▶ **Your task**
Once you find the line containing "TAÇA DE CHAMPAGNE", set down exactly that line and every one after it through the end of the listing below, with both ends included and any pictures omitted.

▶ **Information provided**
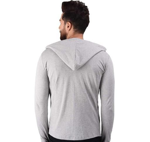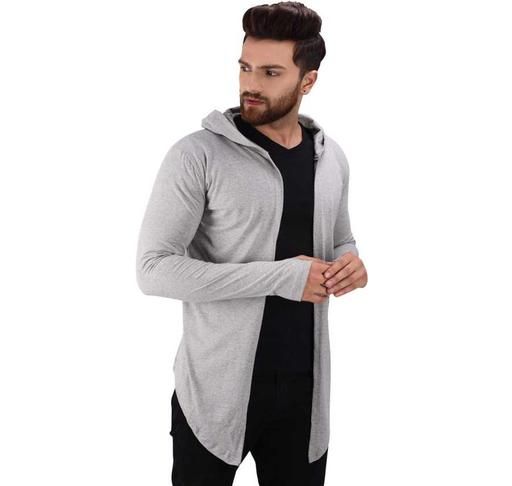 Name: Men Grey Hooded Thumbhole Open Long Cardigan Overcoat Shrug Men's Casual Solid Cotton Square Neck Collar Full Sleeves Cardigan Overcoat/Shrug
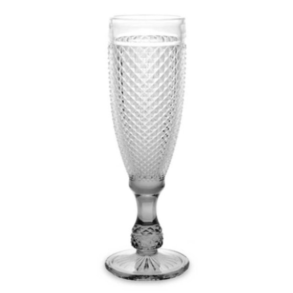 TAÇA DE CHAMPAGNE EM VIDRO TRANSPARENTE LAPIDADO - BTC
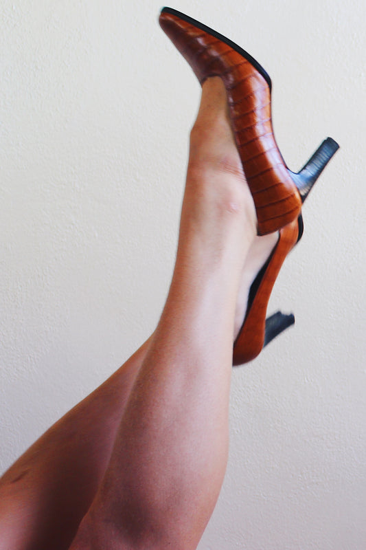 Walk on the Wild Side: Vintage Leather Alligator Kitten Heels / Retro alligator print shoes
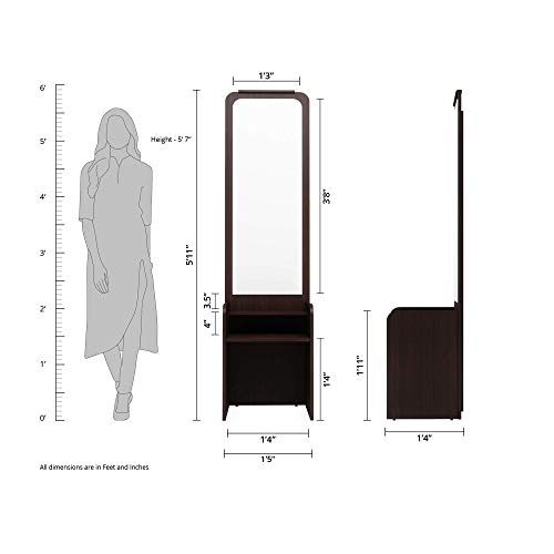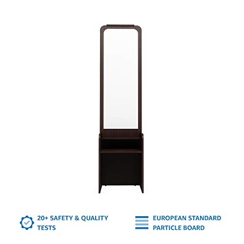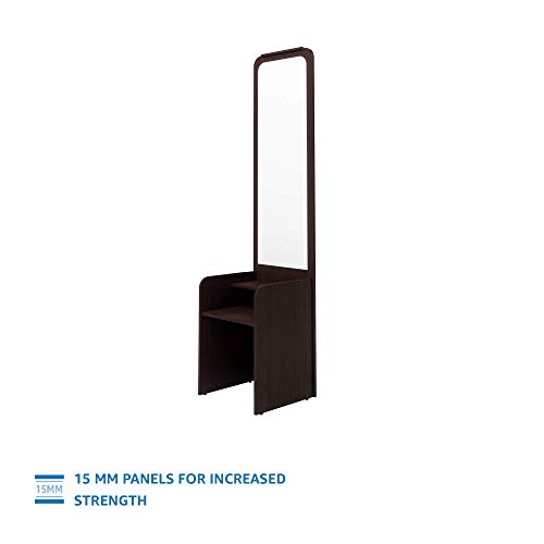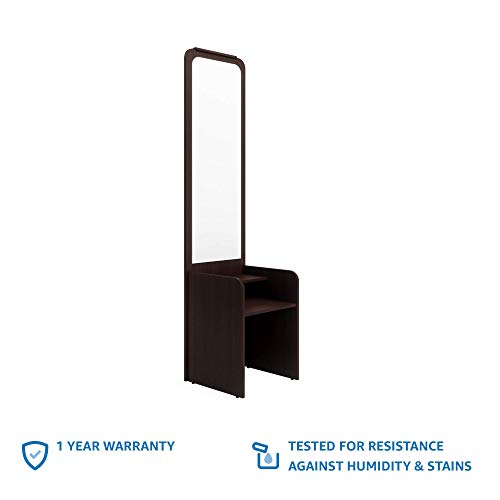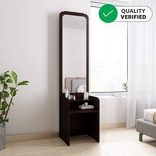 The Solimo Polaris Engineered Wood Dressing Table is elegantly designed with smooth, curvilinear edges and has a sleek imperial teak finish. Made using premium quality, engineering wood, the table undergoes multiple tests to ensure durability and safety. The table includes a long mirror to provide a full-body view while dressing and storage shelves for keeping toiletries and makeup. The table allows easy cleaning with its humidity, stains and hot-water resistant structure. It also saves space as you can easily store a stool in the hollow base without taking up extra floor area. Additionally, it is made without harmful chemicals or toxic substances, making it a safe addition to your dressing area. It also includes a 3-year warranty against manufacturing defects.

▶ **Answer box**
 TAÇA DE CHAMPAGNE EM VIDRO TRANSPARENTE LAPIDADO - BTC
 Walk on the Wild Side: Vintage Leather Alligator Kitten Heels / Retro alligator print shoes
 The Solimo Polaris Engineered Wood Dressing Table is elegantly designed with smooth, curvilinear edges and has a sleek imperial teak finish. Made using premium quality, engineering wood, the table undergoes multiple tests to ensure durability and safety. The table includes a long mirror to provide a full-body view while dressing and storage shelves for keeping toiletries and makeup. The table allows easy cleaning with its humidity, stains and hot-water resistant structure. It also saves space as you can easily store a stool in the hollow base without taking up extra floor area. Additionally, it is made without harmful chemicals or toxic substances, making it a safe addition to your dressing area. It also includes a 3-year warranty against manufacturing defects.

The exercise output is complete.